Hackett just Misses World Mark in the 800 Free -- October 14, 2000
by Ian Hanson
MELBOURNE, Australia. October 14. AUSTRALIAs Grant Hackett today swam within 1.51 seconds of a world record when he clocked 7 minutes 36.41 seconds to win the 800 meter freestyle on Day Three of the Telstra Australian Short Course Championships at the Melbourne Sports and Aquatic Centre.
Hackett, 20, clocked the second fastest time in history, narrowly missing Kieren Perkins' world short course record of 7:34.90, set in Sydney in 1993.
The newly crowned Olympic 1500 meter freetyle champion clocked the time in an unusual time frame, with all the 800m heats scheduled in the morning on Day Three of the condensed four-day program.
"It's great to swim the second fastest time ever but why couldn't it have been just that much faster? " said Hackett, who will fly home on Sunday to start the Indycar race on the Gold Coast.
"I suppose for a morning swim it wasn't too bad. I just wish I was in a position to swim at night, but I guess I'll get other opportunities."
It brought to a close a magic month for Hackett, who rode the storm of his indifferent start to the Olympics, to win the 1500m freestyle gold medal over defending champion Perkins before heading to Melbourne for personal best swims in the 200 and 800 meter free events at the short course Nationals.
Hackett will have a well earned break before returning to training next month to start his preparation for next year's World Championships in Fukuoka, where he will target both the 800 meters (which will be contested for the first time at the World Champs) and the defense of the 1500 meter crown he won in Perth in 1998.

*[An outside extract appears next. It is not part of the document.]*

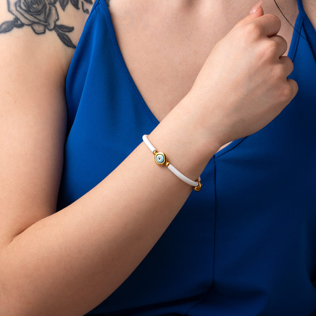 The symbol and superstition of the evil eye is one of the strongest symbolic images in the world. The earliest known evidence for belief in the evil eye goes back to ancient Greece and Rome. It is supposed to wear off evil to anyone who wears it and various cultures believe in that, however in Greece it’s blue because at that time blue eyes were not so common and were thought to give the evil eye, so the blue is like a mirror to them. Nowadays it’s widely known and has become a trend.
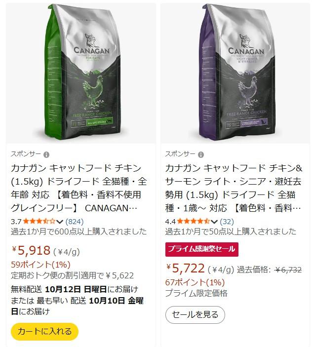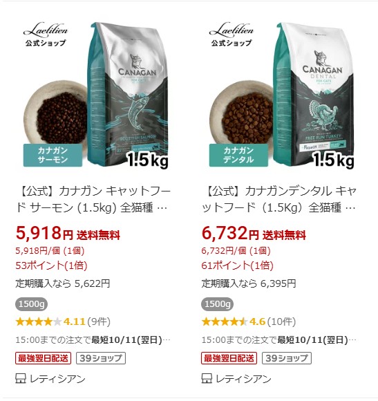 結論から言うと、楽天市場・Amazonどちらでもカナガンを購入できます。

There was cause for celebration in Queeensland's Commercial club with the record breaking swims of one of the world's most traveled swimmers, Brisbane based sprinter Michelle Engelsman - a Brazilian born Australian who equaled the national 50m freestyle record in the semi-finals and then broke it in the final.

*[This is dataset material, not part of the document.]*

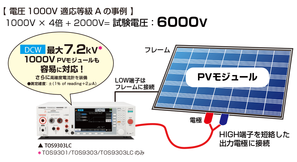IEC61730-2 및 JIS C 8992-2 등의 내전압 시험에서는 시험 전압을 최대 시스템 전압 × 4배+2000V까지 상승시킨 후, 전압을 1분간 유지시킵니다.

Engelsman, 20, clocked 25.42 seconds to equal Anna Windsor's 1993 Australian record before clocking 25.36 to win the final.
She later revealed an amazing tale of travel and determination which she hopes will see her on the Australian Olympic team in Athens in 2004.
Born in Brazil, the daughter of an international corporate busisnessman has since lived in Holland, Switzerland, England, the USA and the past 18 months in Brisbane, where she has trained under Olympic coach Scott Volkers.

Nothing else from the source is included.